Comitato Italiano Associazioni Parkinson

Blocco delle esportazioni : richiesto anche per il Neupro®

Da alcuni anni i malati di patologie croniche devono affrontare problemi di indisponibilità e carenza dei farmaci (anche salvavita) causati dalle esportazioni verso mercati stranieri. Sotto accusa è il mercato parallelo, considerato il principale responsabile della scarsità di medicinali in circolazione: cioè la possibilità legale per grossisti, grandi farmacie e a volte perfino ospedali di rivendere in altri Paesi dell’Unione europea, dove pagano di più, i farmaci destinati a noi. La convenienza, per gli esportatori paralleli, è data dal prezzo stabilito dagli accordi tra Aifa e le case farmaceutiche sulle medicine rimborsabili: prezzo che per Italia, Spagna e Grecia, tutti Paesi afflitti da carenze periodiche, è tra i più bassi in Europa. Per anni le Associazioni hanno segnalato questa distorsione ma ci è sempre stato risposto che le regole del libero mercato non consentivano di obbligare gli operatori facenti parte della filiera distributiva a salvaguardare almeno le quantità necessarie al mercato interno e, solo in seconda battuta, eventualmente destinare i quantitativi eccedenti al mercato estero.

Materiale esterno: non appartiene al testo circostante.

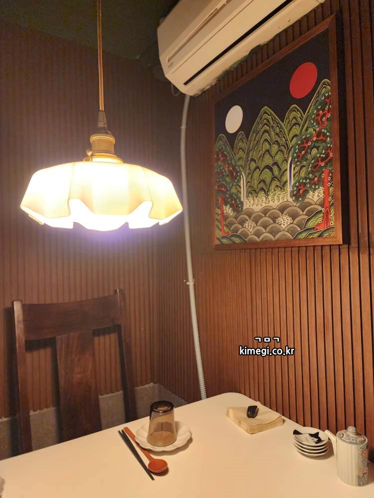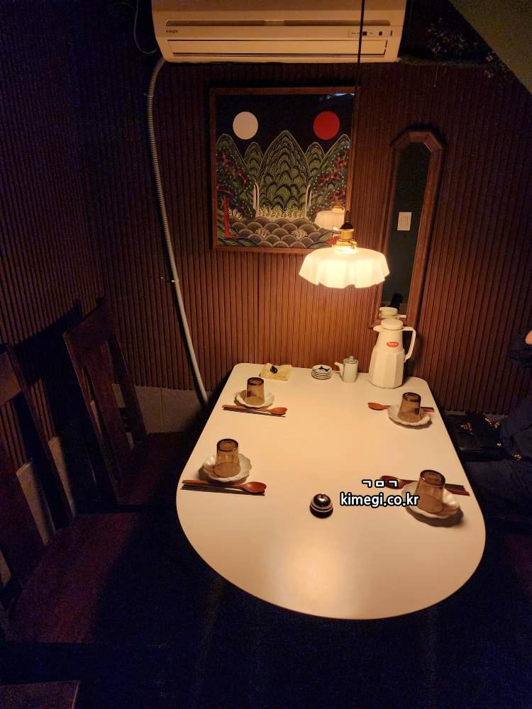 심야식당 기억의 4인석입니다. 좌석이나 공간은 아담하였지만 깔끔하고 멋진 소품들, 조명이 너무 마음에 들었습니다.

Mercato dei farmaci in Italia

Alla luce del grande riscontro mediatico, che abbiamo contribuito anche noi a sollevare, il Ministro Grillo, coinvolta direttamente dall’appello della Lucianina nazionale aveva inizialmente affermato che il problema era già risolto (leggi articolo del 13/5).

Il 17/5 l’AIFA coglie l’opportunità offerta dal Decreto Calabria. Il quadro normativo è quello del disegno di legge recante “Conversione in legge, con modificazioni, del decreto-legge 30 aprile 2019, n. 35, che include misure emergenziali per il servizio sanitario della Regione Calabria e altre misure urgenti in materia sanitaria” (AC 1816-A).  Il testo prevede le disposizioni in materia di carenza di medicinali, in particolare, quella in base alla quale l’AIFA, dandone previa notizia al Ministero della salute, pubblichi un provvedimento di blocco temporaneo delle esportazioni di farmaci se necessario per prevenire o limitare stati di carenza o indisponibilità. Con la determina 17 maggio 2019, con riferimento alle confezioni del farmaco Sinemet l’Aifa ha disposto il primo blocco delle esportazioni di farmaci della storia in Italia.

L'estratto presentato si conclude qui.